» **Directions**
Shown below are entries with pictures; the line with "और फिर 1 से" through the line with "Black Gold Modern" is the span to retype exactly, and the pictures stay out.

Provided data START

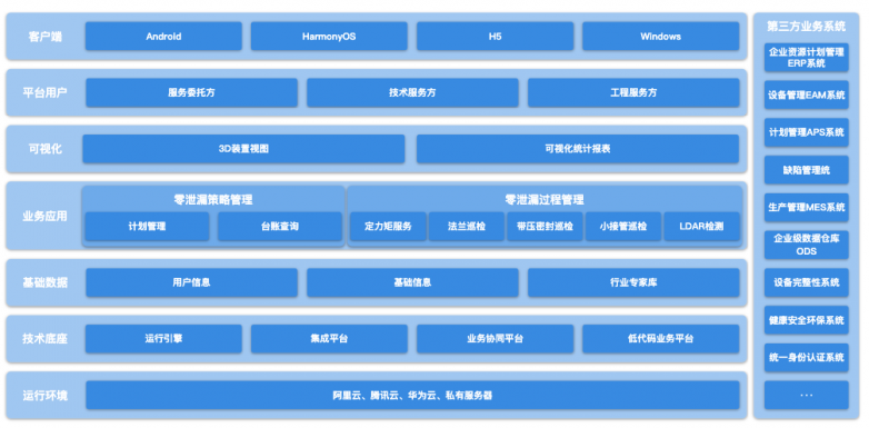 体系以自主创新的零泄漏生态服务(LES)平台为数据底座,一系列“数字化·可视化·一站式”的现场技术服务(包含数字化定力矩技术服务及配套服务(自动化螺栓清洗服务和法兰面在线修复服务)、零泄漏质量检测技术服务、冷切割技术服务、泄漏检测与修复(LDAR)技术服务等)为抓手,通过数字化平台与现场技术服务的紧密结合,以数据驱动泄漏安全闭环管理,筑牢安全生产防线,推动石化行业向智能化、高效化方向迈进。
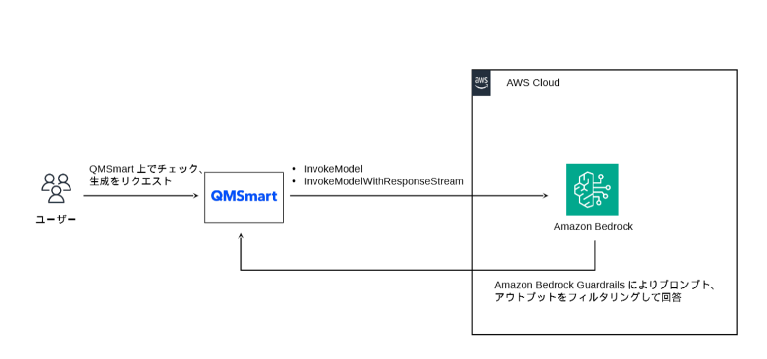 QMSmart の AI 機能は、インフラストラクチャの管理・運用負荷の少ないマネージドサービスで構成されています。システム構成は、QMSmart から Amazon Bedrock の基盤モデルを呼び出してレスポンスを受け取る形で実現されています。
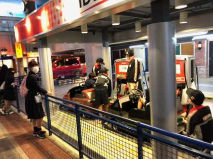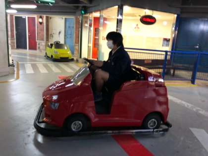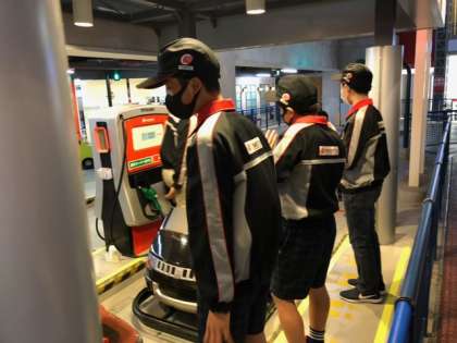 ガソリンスタンドでのお仕事。元気に手を振り、笑顔でお見送りです♪
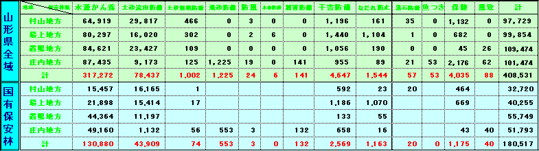 | 村山地方 | 国有林 | 官行造林 | 民有林 | 計 |
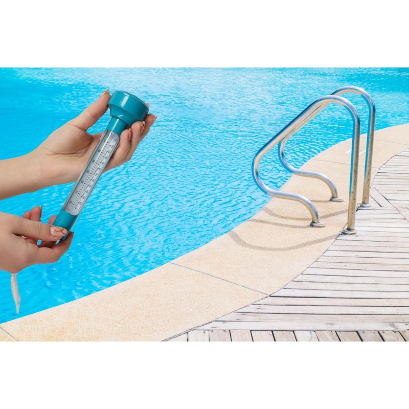Termometr do basenu to jeden z tych akcesoriów, który z pewnością przyda Ci się podczas letni miesięcy. Z jego pomocą w łatwy sposób sprawdzisz, czy woda w basenie jest odpowiednio ciepła. Dzięki specjalnej konstrukcji termometr będzie stale unosił się na powierzchni wody. Dodatkowo wyposażony jest w sznurek umożliwiający przywiązanie go do stelażu basenu.
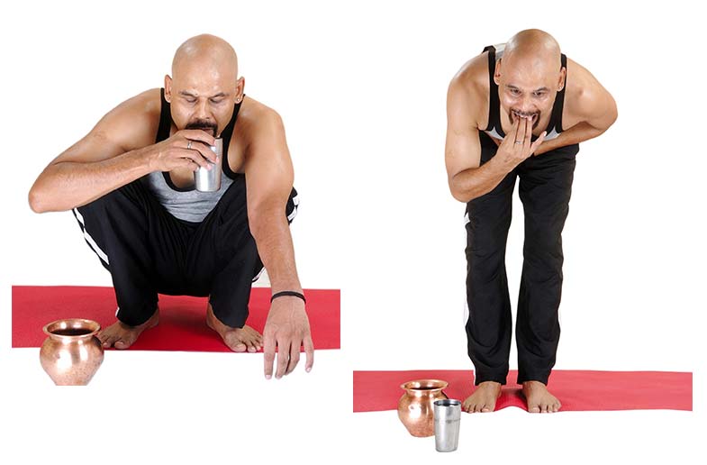 और फिर 1 से 2 लीटर पानी जिसमे थोड़ा सा नमक डला हो पी लेते है और इसके बाद कुछ इस तरह खड़े होकर मुंह में उंगली डालकर उल्टी करने कि कोशिश करते है।
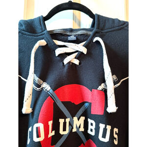Columbus Hockey Sweatshirt Large Blue Crewneck Pullover Lace Up NHL Hoodie Is a heavy weight soft sweatshirt. Ribbed sides, front pocket and lace up front. Slightly oversized. Made by GV Art & Design from Cleveland. This hoodie does not say Blue Jackets. I
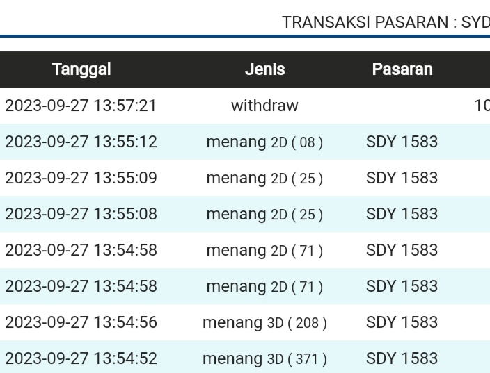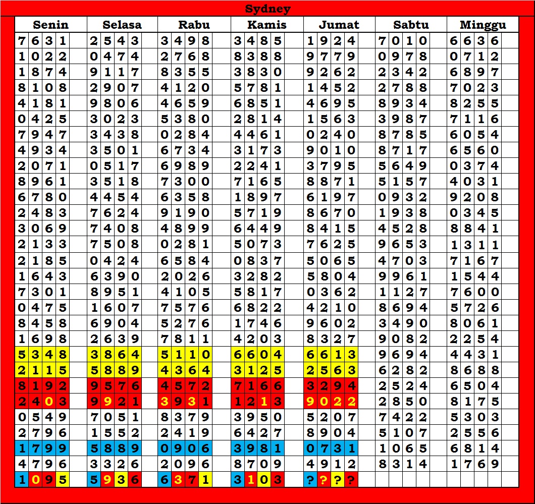 | TABEL DATA SYDNEY 6D VERSI HARIAN |
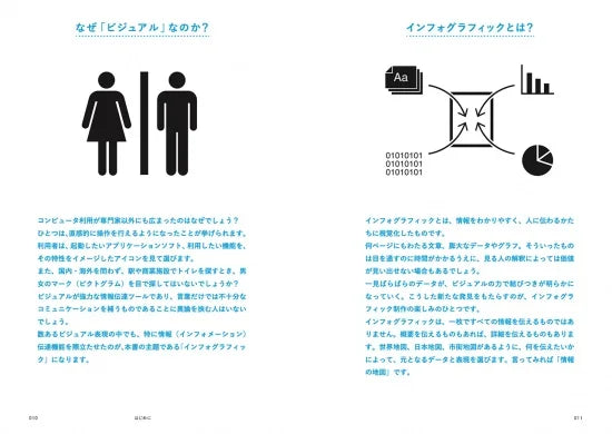 Webサイト「VISUALTHINKING」の運営者による、情報をわかりやすく視覚的に伝えるためのエッセンスをまとめた、ウェブ時代のインフォグラフィック制作入門書。インフォグラフィックとは、分解すると【ピクトグラム×図解】であると捉え、まずは基礎体力づくりとして前半でそのそれぞれの描き方を、そして後半でインフォグラフィックの作り方を一歩ずつ習得するという構成にしています。「自分の伝えたいことをビジュアルでわかりやすく他者に説明できるようになりたい」、そのようなニーズに応えることを目指しています。
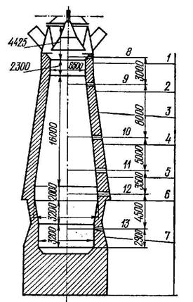 Рисунок 5.2 – Схема оснащения доменной печи оборудованием для изучения хода доменного процесса
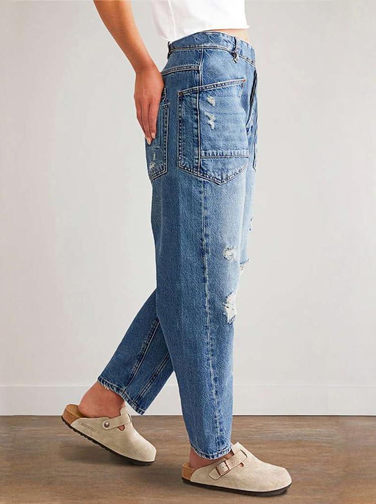CHOUYATOU Women’s Distressed Mid Rise Barrel Jeans Boyfriend Y2K Ripped Patchwork Denim Pant with Pockets(Blue)
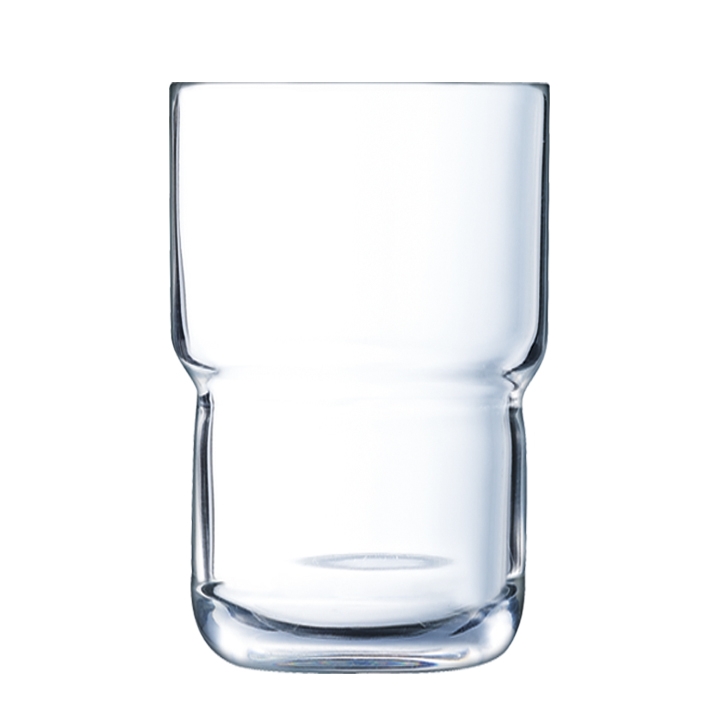 The biggest of Arcoroc's stackable Log tumblers has a 320ml capacity and is therefore ideally suited as a soft drink, water or juice glass for buffets and receptions. While the stackable design can probably best play off its advantages on a bigger scale, it is just as practical and space-saving in any home environment.
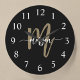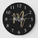 Black Gold Modern Script Monogram Name Large Clock
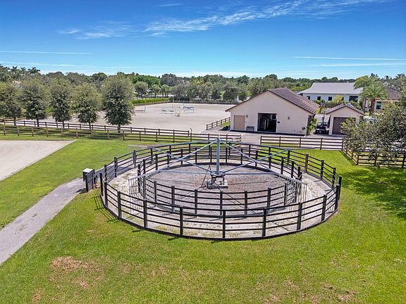 An equestrian dream opportunity: two adjoining properties totaling 3.75 acres with world-class equestrian facilities, including a fully equipped 7-stall barn with tack, feed, laundry, and full bath; a 5-stall barn with tack and feed rooms; multiple wash stalls; two sand arenas; a hot walker; and five paddocks. Three gated driveways and mature landscaping provide privacy and ease of access, just minutes from the Wellington International, Global Dressage venues, and Wellington's dining and shopping--perfectly timed for show season.The main residence is a modern entertainer's dream with bright, wide-open spaces, soaring ceilings, and nearly floor-to-ceiling windows. The entry leads into a striking, one-of-a-kind wine room. Italian marble and wood flooring flow throughout, complemented by a custom office, formal dining, a gorgeous loft, and a spectacular kitchen with a huge center island, custom cabinetry, and a double pantry. An elegant indoor bar provides a separate space for entertaining.
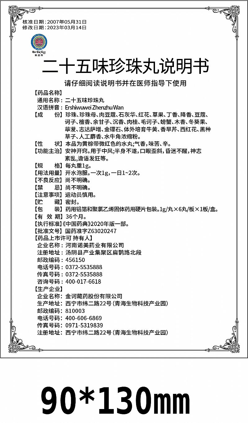 通用名稱: 二十五味珍珠丸
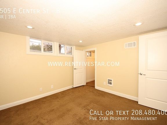 1 Bedroom Apartment Near Idaho State University! Live just minutes from Idaho State University in this spacious and updated 1 bedroom, 1 bathroom apartment! Located in the heart of the University Area, this charming unit features a large living room and bedroom, with brand-new carpet installed in August 2024 for a fresh, modern feel. You'll love the stylish kitchen, complete with a refrigerator, stove/oven, dishwasher, and sleek luxury vinyl tile (LVT) flooring. The walk-in closet offers generous storage space, while gas heating and central air conditioning ensure year-round comfort. Perfectly situated just blocks from ISU, this apartment also offers easy access to I-15, Portneuf Medical Center, Bonneville Park, and moremaking commuting and exploring the area a breeze. Don't miss out on this ideal blend of comfort, convenience, and locationschedule a tour today! Gas Forced Air Heating Visit Our Website Rentfivestar.Com Washer And Dryer Hookups
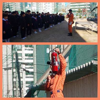そして、また戻ってきて消火器で初期消火を行いました。(生徒の皆さんはそれを見ているわけではありませんが、実はそこまでやっているのです)

Provided data END

» **Exercise result**
 और फिर 1 से 2 लीटर पानी जिसमे थोड़ा सा नमक डला हो पी लेते है और इसके बाद कुछ इस तरह खड़े होकर मुंह में उंगली डालकर उल्टी करने कि कोशिश करते है।
Columbus Hockey Sweatshirt Large Blue Crewneck Pullover Lace Up NHL Hoodie Is a heavy weight soft sweatshirt. Ribbed sides, front pocket and lace up front. Slightly oversized. Made by GV Art & Design from Cleveland. This hoodie does not say Blue Jackets. I
 | TABEL DATA SYDNEY 6D VERSI HARIAN |
 Webサイト「VISUALTHINKING」の運営者による、情報をわかりやすく視覚的に伝えるためのエッセンスをまとめた、ウェブ時代のインフォグラフィック制作入門書。インフォグラフィックとは、分解すると【ピクトグラム×図解】であると捉え、まずは基礎体力づくりとして前半でそのそれぞれの描き方を、そして後半でインフォグラフィックの作り方を一歩ずつ習得するという構成にしています。「自分の伝えたいことをビジュアルでわかりやすく他者に説明できるようになりたい」、そのようなニーズに応えることを目指しています。
 Рисунок 5.2 – Схема оснащения доменной печи оборудованием для изучения хода доменного процесса
CHOUYATOU Women’s Distressed Mid Rise Barrel Jeans Boyfriend Y2K Ripped Patchwork Denim Pant with Pockets(Blue)
 The biggest of Arcoroc's stackable Log tumblers has a 320ml capacity and is therefore ideally suited as a soft drink, water or juice glass for buffets and receptions. While the stackable design can probably best play off its advantages on a bigger scale, it is just as practical and space-saving in any home environment.
 Black Gold Modern Script Monogram Name Large Clock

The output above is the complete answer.